+++ RECORDS SHOWN

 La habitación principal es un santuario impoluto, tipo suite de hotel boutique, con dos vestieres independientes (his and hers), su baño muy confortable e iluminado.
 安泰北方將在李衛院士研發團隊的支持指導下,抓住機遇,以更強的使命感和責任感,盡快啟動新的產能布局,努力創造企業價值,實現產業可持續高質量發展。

++++++
+++ RECORDS SHOWN

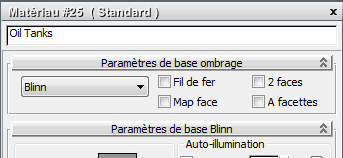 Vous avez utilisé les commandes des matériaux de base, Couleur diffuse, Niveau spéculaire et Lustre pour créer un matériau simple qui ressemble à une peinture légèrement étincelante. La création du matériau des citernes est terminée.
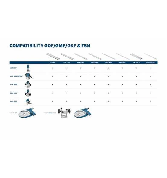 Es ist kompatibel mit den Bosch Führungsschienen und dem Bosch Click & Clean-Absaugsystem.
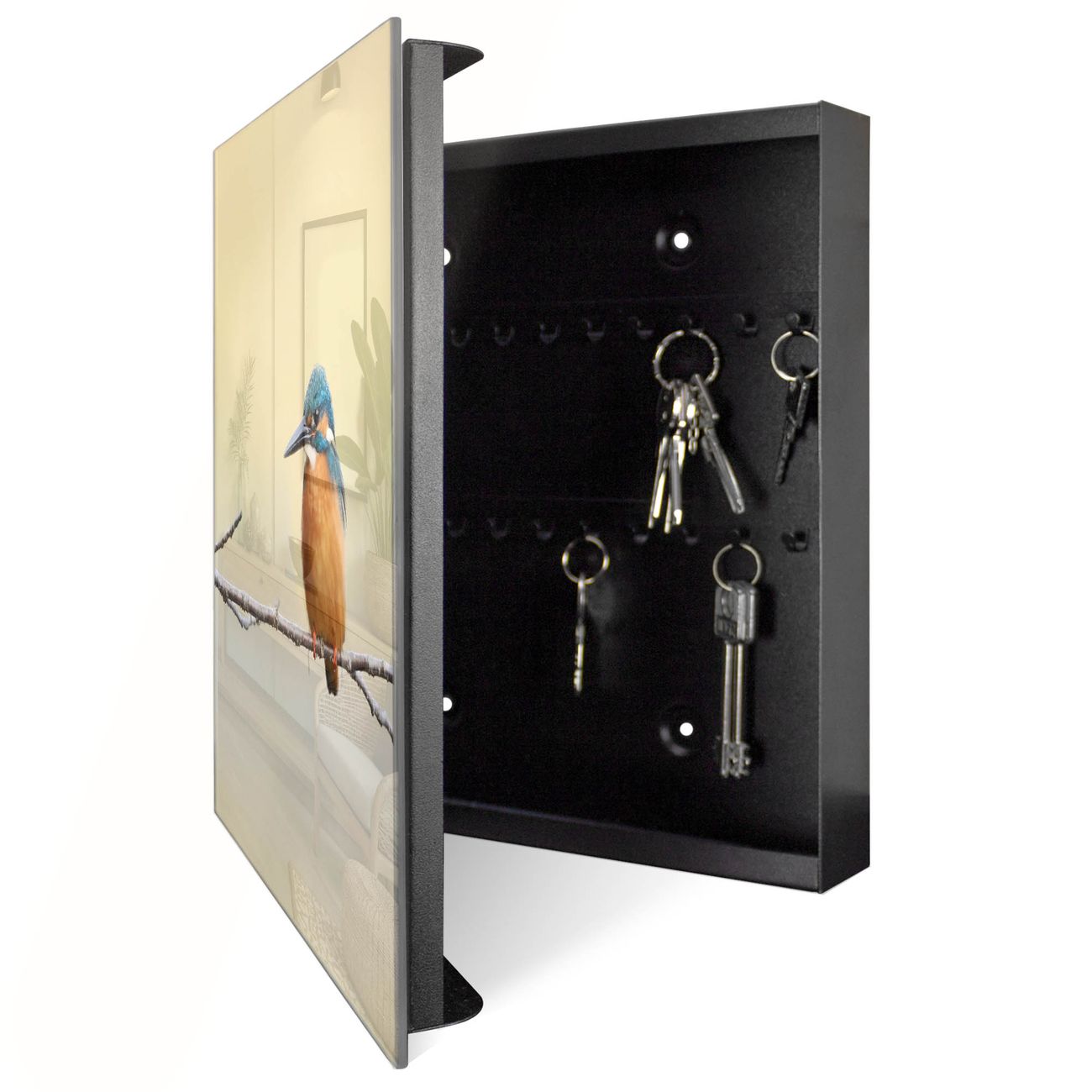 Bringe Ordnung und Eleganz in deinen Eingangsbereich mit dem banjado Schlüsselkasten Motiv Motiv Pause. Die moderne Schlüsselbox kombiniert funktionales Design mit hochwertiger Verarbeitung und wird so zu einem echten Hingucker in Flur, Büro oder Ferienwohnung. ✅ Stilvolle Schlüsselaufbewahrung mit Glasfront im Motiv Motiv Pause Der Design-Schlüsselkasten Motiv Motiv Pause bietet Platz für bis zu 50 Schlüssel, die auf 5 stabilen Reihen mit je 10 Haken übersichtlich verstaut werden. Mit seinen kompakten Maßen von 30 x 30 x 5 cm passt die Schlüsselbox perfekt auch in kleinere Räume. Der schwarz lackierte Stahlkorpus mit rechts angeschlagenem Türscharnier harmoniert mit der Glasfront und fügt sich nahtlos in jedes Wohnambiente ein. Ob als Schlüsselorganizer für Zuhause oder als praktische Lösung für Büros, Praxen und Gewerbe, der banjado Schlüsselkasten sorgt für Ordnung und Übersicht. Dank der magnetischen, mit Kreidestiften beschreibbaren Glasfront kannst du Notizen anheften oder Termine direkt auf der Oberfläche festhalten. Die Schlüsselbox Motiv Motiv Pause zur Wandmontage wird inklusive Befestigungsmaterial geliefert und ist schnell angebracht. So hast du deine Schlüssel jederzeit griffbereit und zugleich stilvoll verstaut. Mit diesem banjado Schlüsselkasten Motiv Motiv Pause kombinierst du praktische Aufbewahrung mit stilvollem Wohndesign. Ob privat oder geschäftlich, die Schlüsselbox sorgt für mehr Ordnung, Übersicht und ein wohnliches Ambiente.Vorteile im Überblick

++++++
+++ RECORDS SHOWN

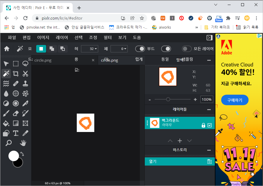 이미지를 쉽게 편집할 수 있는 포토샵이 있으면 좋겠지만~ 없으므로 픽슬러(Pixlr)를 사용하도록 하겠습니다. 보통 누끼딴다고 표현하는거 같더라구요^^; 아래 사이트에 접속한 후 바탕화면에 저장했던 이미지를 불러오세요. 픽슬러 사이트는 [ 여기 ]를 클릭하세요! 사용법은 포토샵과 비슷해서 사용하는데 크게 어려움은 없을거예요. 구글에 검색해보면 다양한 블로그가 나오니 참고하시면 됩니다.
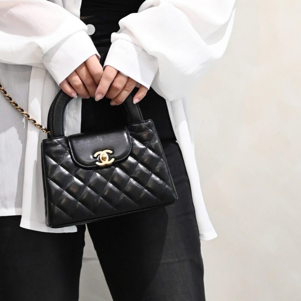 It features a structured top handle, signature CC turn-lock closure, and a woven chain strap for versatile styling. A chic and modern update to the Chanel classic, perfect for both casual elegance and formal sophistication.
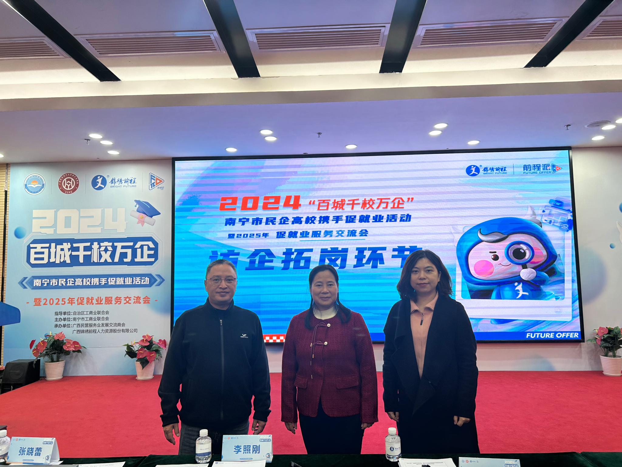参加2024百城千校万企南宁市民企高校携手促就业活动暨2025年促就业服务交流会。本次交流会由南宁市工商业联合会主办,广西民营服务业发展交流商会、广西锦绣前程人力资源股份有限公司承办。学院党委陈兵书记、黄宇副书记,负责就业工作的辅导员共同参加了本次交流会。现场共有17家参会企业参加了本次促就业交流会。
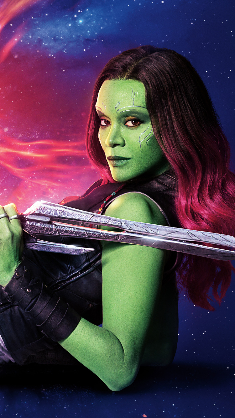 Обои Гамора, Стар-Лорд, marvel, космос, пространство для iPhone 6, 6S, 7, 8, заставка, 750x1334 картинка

++++++

REQUIRED WORK:
Each line in the entries above, starting at the line with "La habitación principal" and ending at the line with "安泰北方將在李衛院士研發團隊", is to be printed exactly, and only those lines.

WRITTEN REPLY:
 La habitación principal es un santuario impoluto, tipo suite de hotel boutique, con dos vestieres independientes (his and hers), su baño muy confortable e iluminado.
 安泰北方將在李衛院士研發團隊的支持指導下,抓住機遇,以更強的使命感和責任感,盡快啟動新的產能布局,努力創造企業價值,實現產業可持續高質量發展。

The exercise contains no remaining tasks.